De las fotografías que cuelgan en las paredes de la Casa Blanca, Trump le tiene especial afecto a aquella en donde aparece abrazado fraternalmente del ex presidente Ronald Reagan. Trump explica que cuando lo conoció, se hicieron tan amigos que el entonces mandatario, tras ingerir varios whisky on the rocks le confesó que su aguda aversión a la Unión Soviética se debía a dos razones: 1) Porque jamás fue capaz de asumir exitosamente —y aun comprender— el método de Stanislavski, y 2) Porque cuando, años atrás, durante el rodaje de una película, fue incapaz de interpretar a un oficial ruso que tras ser rechazado en matrimonio por una bella dama, oculta sus lágrimas con dignidad ejecutando un típico baile de ese país, consistente en cruzar los brazos mientras se mantiene en cuclillas y extiende una y otra pierna rápida y alternadamente. La ejecución fue tan ridícula y desastrosa que, en adelante, sólo le proporcionaron papeles segundones en películas de vaqueros. Riendo a mandíbula batiente, el mandatario estadounidense comenta que en ese momento de su relato, Reagan, con la mandíbula temblorosa y para ocultar sus lágrimas, volvió a tratar de interpretar con frenesí el baile ruso.
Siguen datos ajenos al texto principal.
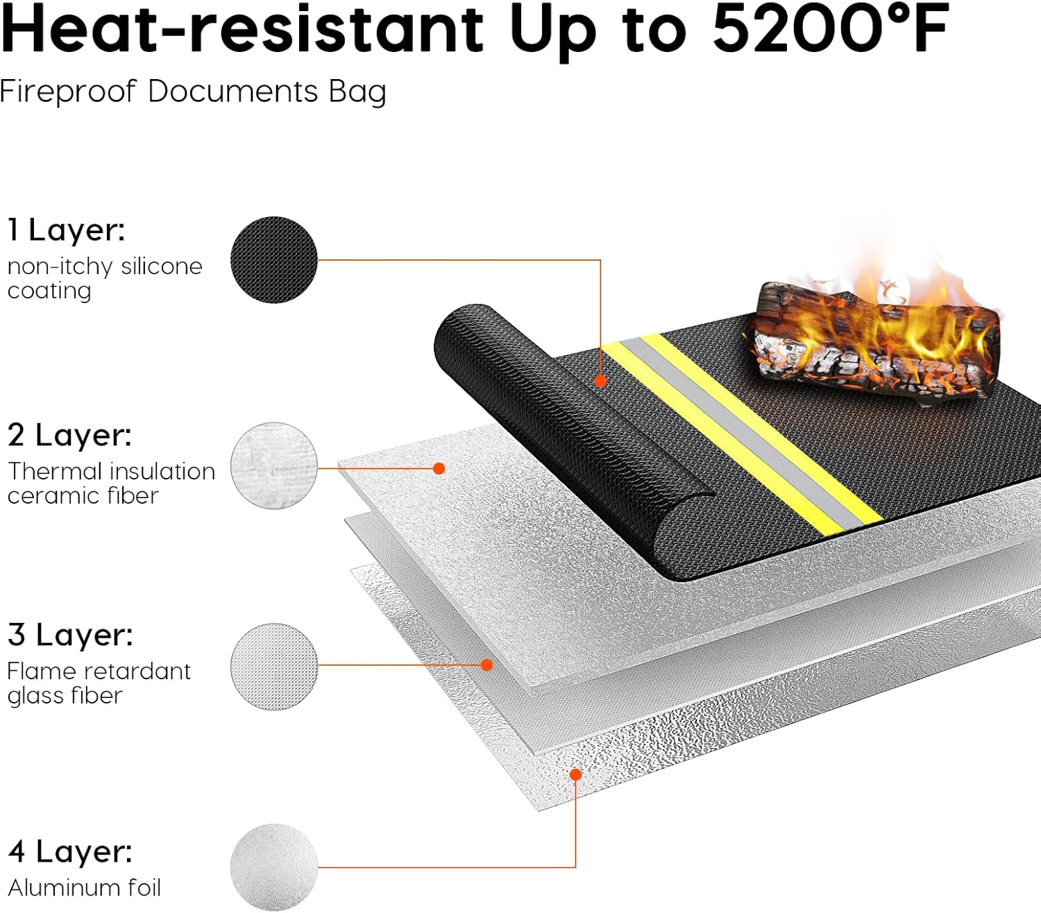 - 5200°F Fire Protection:Made with 8 layers of fireproof insulation, this fireproof document bag can withstand temperatures up to 5200°F, giving you plenty of time to rescue your important documents and valuables from a fire

Del encuentro con Reagan sólo lamenta: 1) No haber grabado a éste mientras intentaba bailar, y 2) No haber sido su padre para decirle, también con lágrimas en los ojos, lo decepcionado que estaba de él. Desde ese día Trump no puede evitarlo: observa la fotografía, recuerda y ríe, a veces durante días enteros, incluso mientras trata de pronunciar un discurso, para finalizar con un largo suspiro mientras piensa dónde han quedado los buenos presidentes que bailan la mamushka reivindicando con la buena comedia la esencia de la política americana. Dónde, caray, dónde.